*** Begin section ***
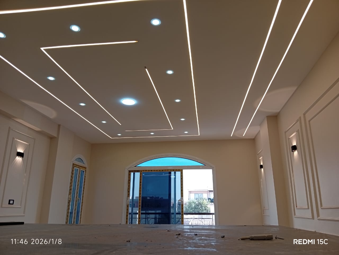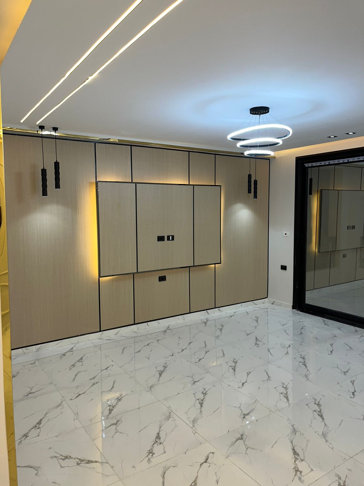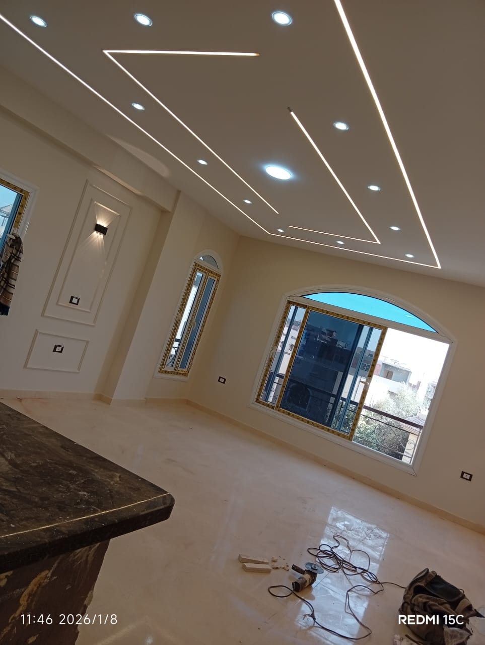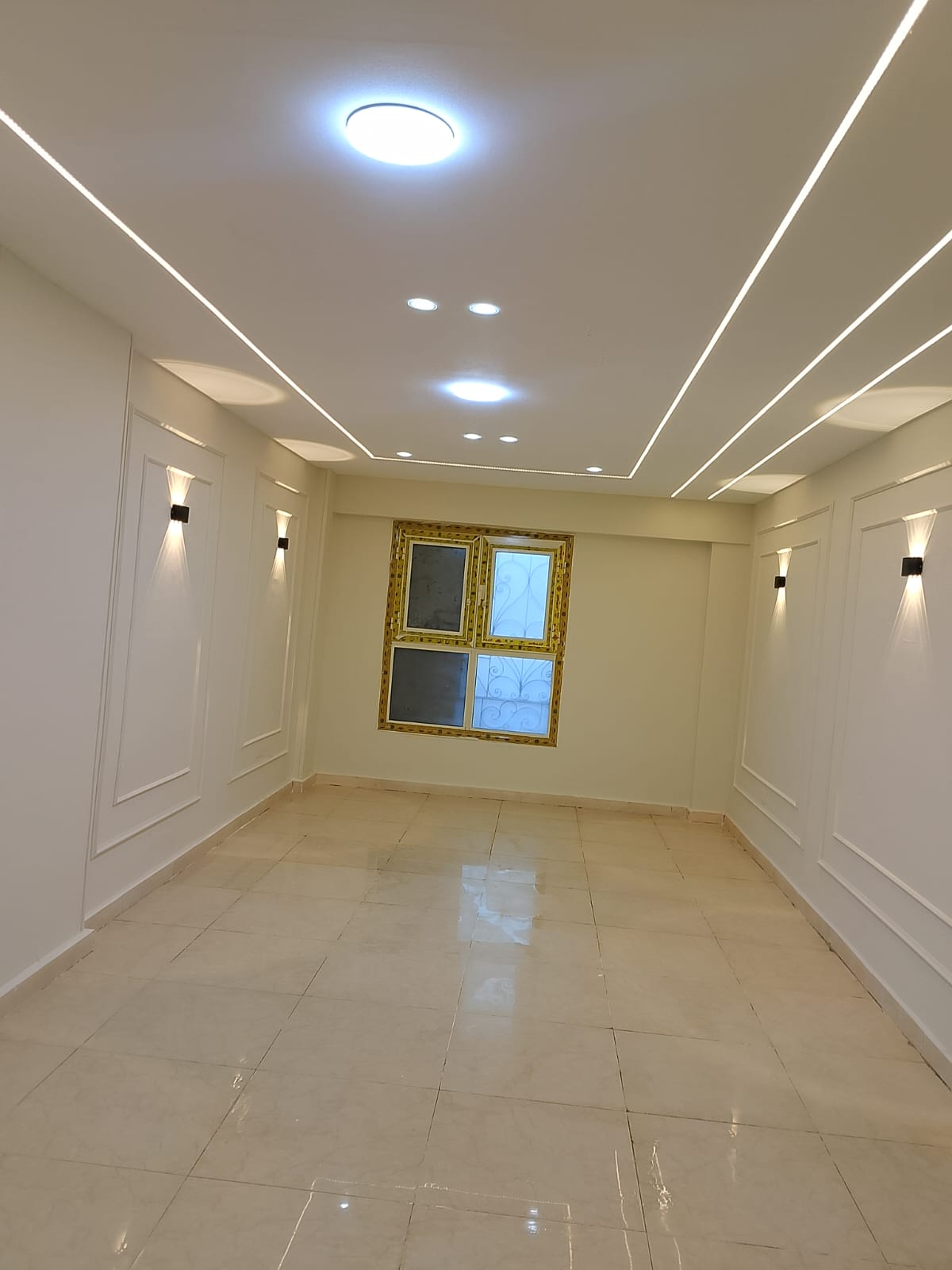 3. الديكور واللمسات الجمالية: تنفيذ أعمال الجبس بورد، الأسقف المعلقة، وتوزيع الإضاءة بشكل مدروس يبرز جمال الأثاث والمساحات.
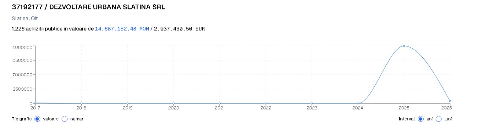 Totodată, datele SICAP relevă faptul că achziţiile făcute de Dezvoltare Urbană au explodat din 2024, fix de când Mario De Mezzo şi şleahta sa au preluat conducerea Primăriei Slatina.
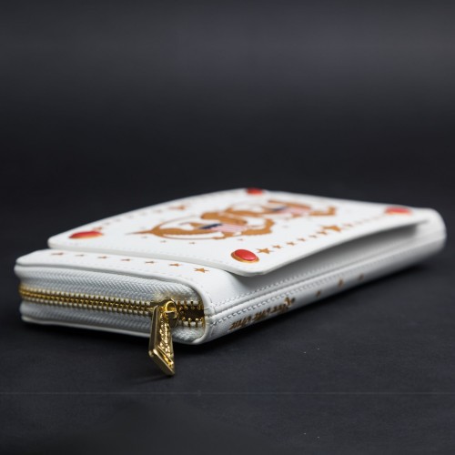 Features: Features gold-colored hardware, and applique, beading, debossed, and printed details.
*** End section ***
Would you retype the listing above exactly, omitting its pictures?

> **YOUR SOLUTION**
 3. الديكور واللمسات الجمالية: تنفيذ أعمال الجبس بورد، الأسقف المعلقة، وتوزيع الإضاءة بشكل مدروس يبرز جمال الأثاث والمساحات.
 Totodată, datele SICAP relevă faptul că achziţiile făcute de Dezvoltare Urbană au explodat din 2024, fix de când Mario De Mezzo şi şleahta sa au preluat conducerea Primăriei Slatina.
 Features: Features gold-colored hardware, and applique, beading, debossed, and printed details.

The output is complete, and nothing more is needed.